Welcome to the AHS 2020 ePoster Session. Please scroll down to view all of the submitted posters or press Control-F to search. To view the poster and its abstract, click on the poster image. Many posters also have a brief audio introduction which can be played by going to the bottom of the poster screen.
P062: PREOPERATIVE BOTOX FOR LOSS OF DOMAIN: EXPANDING THE REALM OF MINIMALLY INVASIVE HERNIA REPAIR
Hazim Hakmi; Amir Sohail, MD; Joaquin Cagliani, MD; Leo Amodu; Nicholas Georgiou, MD; Jason Hoffman, MD; David Halpern; NYU-Winthrop
Loss of Domain (LOD) due to a large abdominal hernia can be challenging to many surgeons. Depending on the size of the defect and sac, and reducibility of the abdominal contents, different algorithms are used for repair of ventral hernias. Some large non-reducible and partially reducible hernias with LOD are deemed inoperable.
The emergence of preoperative Botulin Toxin-A (BTA) injections to allow surgical repair in such patients is not a novel concept. Despite the use of BTA, many patients still require the use of abdominal wall component separation techniques in order to achieve successful repair. The large hernia defects, redundant skin and complex anatomy of patients with LOD have traditionally led surgeons to choose and open approach for surgical repair. As compared to open surgery, previous studies have shown that robotic techniques offer decreased cost, wound complication rate, and length of stay. We have expanded the use of BTA as an adjunct to robotic abdominal wall reconstruction in order determine its feasibility, and whether the benefits of the robot would apply to this unique patient population. We are not aware of another published series in which the robot was used for myofascial release post BTA.
In our cohort, we used CT and adjunctive ultrasound guided BTA injections at 3 select points on each side of the abdominal wall. We injected ~8.3cc of 2 units/cc into each muscle of the triple layer (external oblique, internal oblique, and transversus abdominis) to a max of 50 units at each injection site. A total of 150 units was injected on each side of the abdominal wall (300 units per patient). The technique was modified with each patient in order to target the area of muscle with the greatest degree of contracture.
A significant change on physical exam and CT scan imaging was achieved within 2–4 weeks post injection. There was a reduction in the hernia volume to peritoneal volume ratio post BTA.
The 3 patients that underwent surgical intervention in our case series had defects ranging from 10x12cm to 20x20cm. All were repaired using robotic transversus abdominis release (TAR). The post-operative length of stay was 3-4 days.

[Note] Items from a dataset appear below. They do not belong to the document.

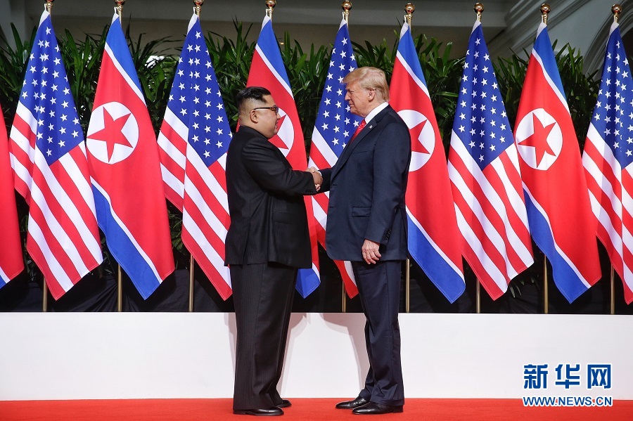 6月12日,朝鮮最高領(lǐng)導(dǎo)人金正恩(左)與美國(guó)總統(tǒng)特朗普在新加坡舉行會(huì)晤。 新華社發(fā)(新加坡海峽時(shí)報(bào)供圖)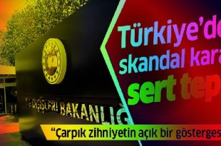 Dışişleri Bakanlığı Sözcüsü Hami Aksoy, Suriye Rejimi Parlamentosunda bugün alınan skandal karara sert tepki gösterdi. Aksoy yaptığı açıklamada, “Suriye Rejimi Parlamentosunda bugün alınan 1915 olaylarını sözde soykırım olarak tanıma kararı başlı başına bir ibret vesikasıdır. Kendi halkına yıllardır çoluk çocuk demeden her türlü katliamı uygulayan, milyonlarca kişiyi yerinden eden ve …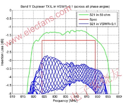 當天線端口處在失配狀態時,RF性能迅速下降。特別需要指出的是,如果天線處在VSWR=3:1(多波段天線的常用設計指標)的狀態,大約1.25dB的功率由于反射而立即損失;如果VSWR達到5:1,失配損耗將提高到2.55dB。這樣的失配也將使功率放大器(PA)輸出功率下降,進一步減少了輻射功率。如果手機的窄帶雙工或接收濾波器沒有端接到其特征阻抗,在其通帶中還會出現紋波,并額外帶來高達2dB的損失。在圖3中,綠線代表典型的WCDMA雙工發射濾波器在阻抗為50Ω時的性能。紅線是標準指標,藍線顯示當天線在所有相位VSWR均為5:1時的濾波器響應;注意在最壞情況下插入損耗達5dB。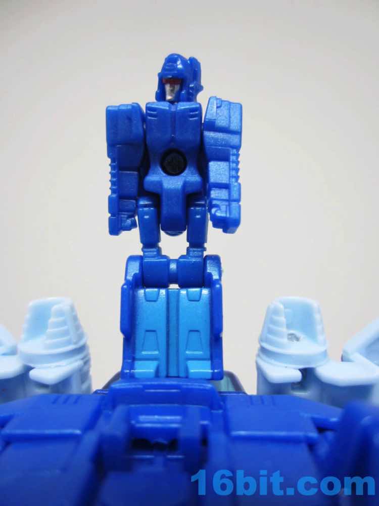 This 1.5-inch head robot is certainly decent, and shares construction (but not the face plate) with Highbrow's partner Xort [FOTD #1,542]. Scourge also shares parts with Highbrow - Hasbro has really become some sort of crazy engineering geniuses, hiding internal parts from us and using them across multiple figures to save money. Most of us won't squint so closely that we'd recognize the tiny Titan Master figures as being the same on a couple of figures - especially when you include new colors and a new face plate backpack. The figure has the same articulation as his siblings, with a grand total of 5 joints to manipulate. The little robot can sit in the gun chair, in the vehicle's cockpit, or if you like he can stand on a peg on the exterior of the vehicle.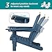 ADJUSTABLE BACKREST- The unique advantage of this Adirondack chair set is that the backrest has three reclining positions, allowing you to sit up straight or recline comfortably. It combines a recliner and an Adirondack chair in one, providing a comfortable seating option for relaxation and enjoyment of the outdoors.

We had only one post-operative complication, that patient developed a subcutaneous hematoma in the hernia sac. The hematoma became secondarily infected with MRSA, complicated by a small dehiscence of the fascia in the midline. The patient was successfully treated with a washout, wound vacuum placement and antibiotics without the need to explant the mesh.
It has been postulated that the duration of effect of BTA might offer a protective effect during the first 3-6 months of wound healing, allowing for decreased tension on the repair, and decreased hernia recurrence. BTA is also felt to decrease nociceptive pain. We noted improved cosmetic outcomes and no hernia recurrences.
Our case series has shown that robotic techniques can be applied to this highly complex and challenging group of patients. Further studies are necessary to determine the beneficial aspects of robotic repair in this unique population.